Task goal. Skip the pictures and copy all the data that follows exactly.

Data section.
Start of Block

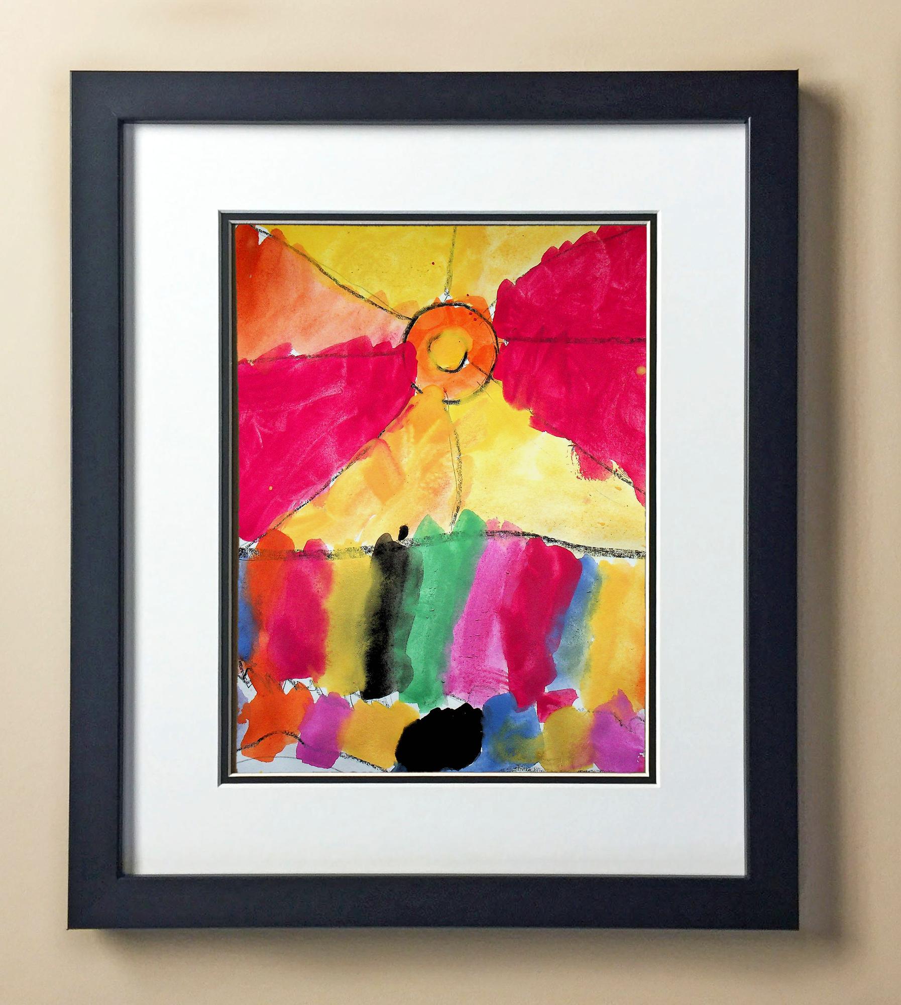 Included with the purchase is the Students Artwork, Frame, double matboard, shatter proof plexiglass, and a ready to hang backerboard with turnbuttons
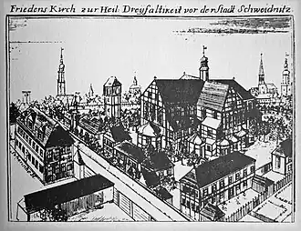 - ↑ Klaus Goldmann: Portraits der Klöster und Kirchen. Friedenskirche zu Schweidnitz (Świdnica). In: Kulturwerk Schlesien. Archiviert vom (nicht mehr online verfügbar) am 21. April 2020; abgerufen am 13. Oktober 2020.
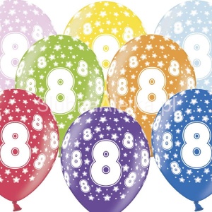 Balony Strong Mix Kolorów 8-me Urodziny 6szt.
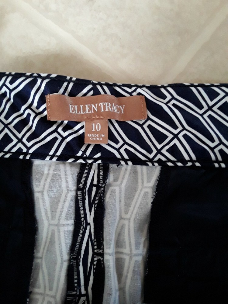 Ellen Tracy Womens Navy White Print Pencil Skirt Pockets Size 10 EUC Waist: 32" Length: 19" AT Combined Shipment: USA : Highest item shipping cost + $3.00. for each subsequent item.Or, you can purchase as many items as you choose and pay the flat rate of $ for your Priority Mail Large Flat Rate Box which covers your entire order. Please read the disclaimer below. INTERNATIONAL SHIPMENTS: Highest item shipping cost {+ Item weight.} for each subsequent item. Please read the disclaimer below. DISCLAIMER on Shipping Costs: Our intention is to keep our shipping costs as low as possible. However, depending on the item purchased (weight) and the destination, shipping rates can vary; especially 30 Day?s No Questions Asked Returns Policy: Your satisfaction is very important to us. We have a 30 days NO QUESTIONS ASKED returns policy. The item must be returned in the condition in which it was purchased. If there are labels/tags they should not be removed. If they are, the item will be sent back to you. ANY SHIPPING COSTS WILL NOT BE REFUNDED. BOTH WAYS, receiving and any returns. Please contact us for the return shipping address and authorization. ALL COMMUNICATIONS MUST BE IN WRITING & TAKE PLACE THROUGH THE EBAY SITE ONLY. No private direct email correspondence. A customer care rep. will respond to you within 24 hrs (Mon-Fri). Once we have received the merchandise and inspected it, please allow 72 hours for a refund to be issued. NO See my other listings for more great items! We accept PAYPAL. Also we have a virtual terminal with PayPal through which we can accept Visa, MasterCard, Amex, and Discover. If you do not have a PayPal account, it takes virtually minutes to open International shipments: PLEASE DO NOT PAY until we determine your shipping costs. Most of our items also have an International Flat-Rate. Although, if due to the destination or the weight we are unable to honor the rate mentioned in the item?s listing, we will cancel your order and leave you positive feedback. Usually we use the US Postal Service. The best international rate for an international shipment is First Class (up to 4 lbs.)If your items exceed 4 lbs. we may pack them into two separate packages (and notify you of this).You still are eligible to take advantage of the combined shipping rates, even if we have packed them into two separate packages. The fees for packaging, shipping, insurance, Customs Duty Charges on international shipments are all the responsibility of the Buyer and are not included in the purchase price. If the item(s) are gifts, we could indicate ?GIFT? on the customs form so you would avoid paying more on duty.

End of Block

Result for this exercise.
 Included with the purchase is the Students Artwork, Frame, double matboard, shatter proof plexiglass, and a ready to hang backerboard with turnbuttons
 - ↑ Klaus Goldmann: Portraits der Klöster und Kirchen. Friedenskirche zu Schweidnitz (Świdnica). In: Kulturwerk Schlesien. Archiviert vom (nicht mehr online verfügbar) am 21. April 2020; abgerufen am 13. Oktober 2020.
 Balony Strong Mix Kolorów 8-me Urodziny 6szt.
 Ellen Tracy Womens Navy White Print Pencil Skirt Pockets Size 10 EUC Waist: 32" Length: 19" AT Combined Shipment: USA : Highest item shipping cost + $3.00. for each subsequent item.Or, you can purchase as many items as you choose and pay the flat rate of $ for your Priority Mail Large Flat Rate Box which covers your entire order. Please read the disclaimer below. INTERNATIONAL SHIPMENTS: Highest item shipping cost {+ Item weight.} for each subsequent item. Please read the disclaimer below. DISCLAIMER on Shipping Costs: Our intention is to keep our shipping costs as low as possible. However, depending on the item purchased (weight) and the destination, shipping rates can vary; especially 30 Day?s No Questions Asked Returns Policy: Your satisfaction is very important to us. We have a 30 days NO QUESTIONS ASKED returns policy. The item must be returned in the condition in which it was purchased. If there are labels/tags they should not be removed. If they are, the item will be sent back to you. ANY SHIPPING COSTS WILL NOT BE REFUNDED. BOTH WAYS, receiving and any returns. Please contact us for the return shipping address and authorization. ALL COMMUNICATIONS MUST BE IN WRITING & TAKE PLACE THROUGH THE EBAY SITE ONLY. No private direct email correspondence. A customer care rep. will respond to you within 24 hrs (Mon-Fri). Once we have received the merchandise and inspected it, please allow 72 hours for a refund to be issued. NO See my other listings for more great items! We accept PAYPAL. Also we have a virtual terminal with PayPal through which we can accept Visa, MasterCard, Amex, and Discover. If you do not have a PayPal account, it takes virtually minutes to open International shipments: PLEASE DO NOT PAY until we determine your shipping costs. Most of our items also have an International Flat-Rate. Although, if due to the destination or the weight we are unable to honor the rate mentioned in the item?s listing, we will cancel your order and leave you positive feedback. Usually we use the US Postal Service. The best international rate for an international shipment is First Class (up to 4 lbs.)If your items exceed 4 lbs. we may pack them into two separate packages (and notify you of this).You still are eligible to take advantage of the combined shipping rates, even if we have packed them into two separate packages. The fees for packaging, shipping, insurance, Customs Duty Charges on international shipments are all the responsibility of the Buyer and are not included in the purchase price. If the item(s) are gifts, we could indicate ?GIFT? on the customs form so you would avoid paying more on duty.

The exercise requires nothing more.